Did You Know Nehru Was Once India’s Vice President? No? Watch This
Have you ever wondered what happened after the British decided to leave India? Did it happen overnight? Well, no.
(This article is being republished from The Quint’s archives to mark 2 September 1946, when the interim government of India was formed. Originally published on 2 September 2017.)
Have you ever wondered what happened after the British decided to leave India? How did the transfer of power happen? Was it an overnight process? Well, no.
Almost one year before Indian Independence Act was passed by the British government and came into being, an interim government was formed in India to facilitate the process of transition.
A Cabinet Mission of Britain was dispatched to India, especially for the purpose of assisting in formulation of manifestos and the formation of government.
On 2 September 1946, the interim government was formed to start the process of transitioning from being a British colony to an independent country.
Who Were the Members of the Interim Government?
The Viceroy’s Executive Council, which was the governing council of the British India, was replaced with the interim Cabinet. Jawaharlal Nehru of the Congress was appointed as the vice president, with powers of prime minister bestowed upon him.

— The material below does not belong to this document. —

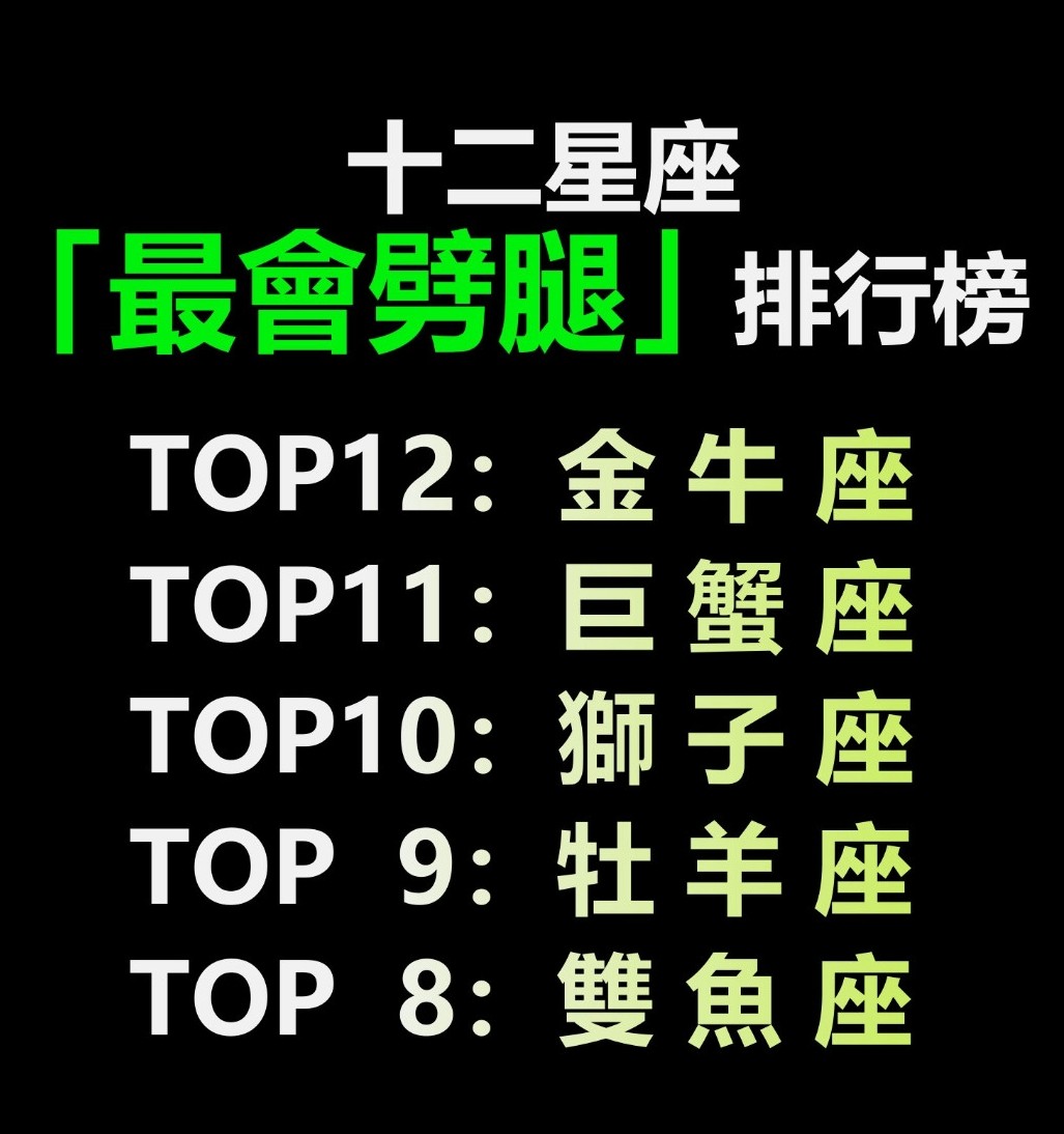 十二星座最會「劈腿」排行榜!金牛座很看重家庭 第一名「看似老實憨厚」實際超會藏人 HUNNIER 2023-09-14 檢舉 快來看看你排第幾! Advertisements 文章未完,前往下一頁繼續閱讀 下一頁 1/2 Advertisements 編輯精選推薦 More + 年底最強運!2025年剩不到100天「3星座運勢大爆發」 默默耕耘「年底喜迎大豐收」 12星座「花心指數排行」大公開!天蠍冷酷「但對感情100%專一」 冠軍「對任何事都3分鐘熱度」天生花心 「老公管不住」的4大生肖女!尤其第二個:年輕時如花似玉,年老時依然人見人愛 「6生肖」接福報:一筆橫財來了!鈔票大獎追著跑 記得提醒家裡人 媽祖點你了!「5生肖」馬上翻身 恭喜上榜生肖 算命師說:「一等命」的5個生肖 「越老越富有」70歲都不愁沒錢花 運勢撥雲見日!10月中旬「4生肖」鴻運當頭 努力被看見「正財、偏財滾滾來」 十二星座「心狠指數」排行榜!溫柔天秤座太容易心軟 第一名「鐵石心腸」絕不念舊情 婚後沒責任心!最容易花心「不聽老婆話」的4大星座男:交往一個樣,婚後一個樣 婚姻中,愛妻如命、細水長流的三大星座男!第一名簡直是「老婆傻瓜」 情緒寫在臉上!一不高興就「擺臭臉 」的3大生肖 感覺全世界都欠他的一樣 心太軟!容易「吃虧」的5個生肖女 晚年有福「子女孝順」後福深厚 永遠把自己放第一!「最沒良心」的三大星座 冠軍「無視別人痛苦」做到六親不認 生肖猴:十猴九不順,生於農曆這三個月「命最薄」 是生來還債的 一生善事做盡!最有「菩薩緣」的5大生肖 菩薩保佑一生衣食無憂 別被他們外表騙了!看似溫順淡定「但控制欲極強」的4大星座 #2利用個人魅力「悄無聲息操控你」 第一眼不覺得漂亮!時間久了「卻越看越喜歡」3星座女
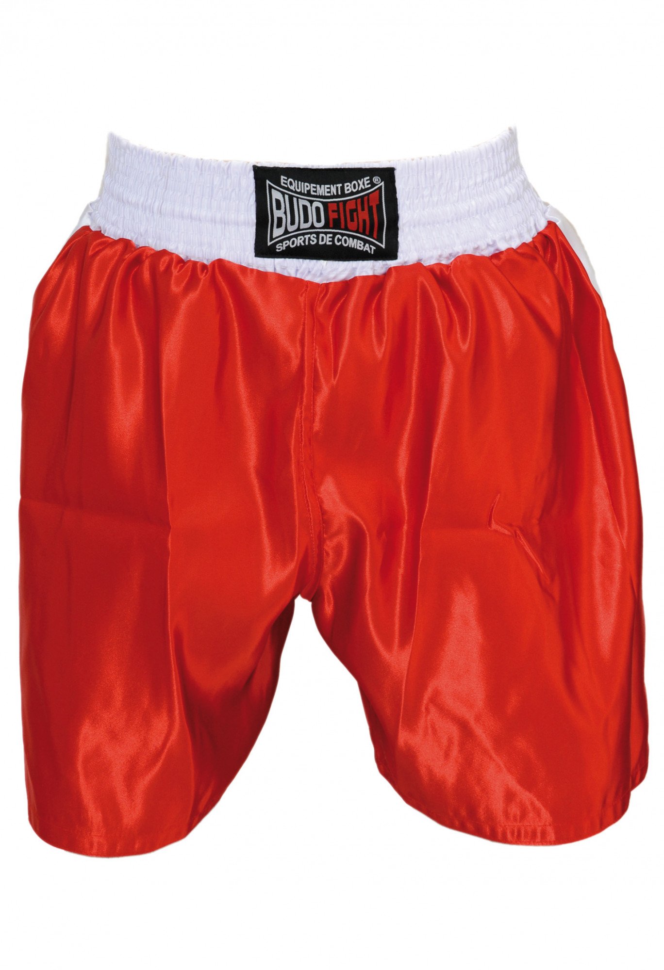 Découvrez ce short de boxe anglaise rouge en satin par Budo-Fight : un équipement résistant, léger et confortable !

The post of the President was held by Governor General of India, who was still British. While Lord Wavell held the post initially, Mountbatten was appointed to the post in March 1947.
The Muslim League, which initially boycotted the interim government, joined the Cabinet in October 1946. Mohammed Ali Jinnah, the All-India Muslim League patriarch, openly declared that the reason for joining the interim government was to “fight for the cherished goal of Pakistan”.
The 12-member Cabinet was formed by a coalition of Congress and Muslim League members. Senior Congress leader Vallabhbhai Patel headed the Department of Home Affairs, considered the second-most powerful position in the Cabinet. The Viceroy of India and the Commander-in-Chief were also a part of the Cabinet, apart from the twelve Indians.
Liaquat Alit Khan who would eventually become Pakistan’s first prime minister was made the finance minister in the interim government.
India’s first president Rajendra Prasad was also a part of the interim government. Sikh leader Baldev Singh was given the defence portfolio, while C Rajagopalachari was named to head the Department of Education.
Dalit leader and the father of former speaker Meira Kumar, Jagjivan Ram, was given charge of the Department of Labour. Muslim League leaders Abdur Nishtar and Ibrahim Ismail headed the departments of air and commerce respectively.
The League, which was also allotted the Law portfolio, nominated Jogendra Nath Mandal to the post.
The Constituent Assembly Hitch
A recurring problem for the interim government was their inability to see eye to eye on deciding the members of the Constituent Assembly. Members of this assembly would pen the Indian Constitution, post independence.
Following the very first meeting of the Constituent Assembly on 9 December 1946, the Muslim League staged a walkout, demanding a separate state.
But in early January, after persuasion by both the Congress and the British, the Muslim League joined the Constituent Assembly.
On 22 January 1947, the Objective Resolution was unanimously passed by the Assembly, which eventually became the preamble of the Indian Constitution.
Interim Govt’s Landmark Decisions
India has been fighting the imposition of salt tax since 1885, when Swaminathan Iyer raised the issue in the very first session of the Congress. Fighting to abolish the tax, Mahatma Gandhi undertook a march to Dandi, as an act of civil disobedience in 1930.
But it was the Nehru-led interim government which abolished the salt tax, ending the decades-long fight.
The interim government also appointed India’s first batch of Foreign Service Officers and started independent dialogue and diplomatic relations with countries like the United States, the USSR and France.
It was this interim government that first introduced a ‘Report on Planning’, which went on to become the bedrock for India’s first five-year plan.
However, the interim government could not control the brewing animosity between certain Hindu and Muslim groups, which led to widespread communal riots in early 1947.
On 3 June 1947, in the Mountbatten Plan, it was announced that a Boundary Commission would be set up to decide on the partition of India, and the formation of the new nation of Pakistan.
As the clock struck 12 on 15 August 1947, India’s first prime minister Jawaharlal Nehru ushered in India’s independence and the interim government ceased to exist.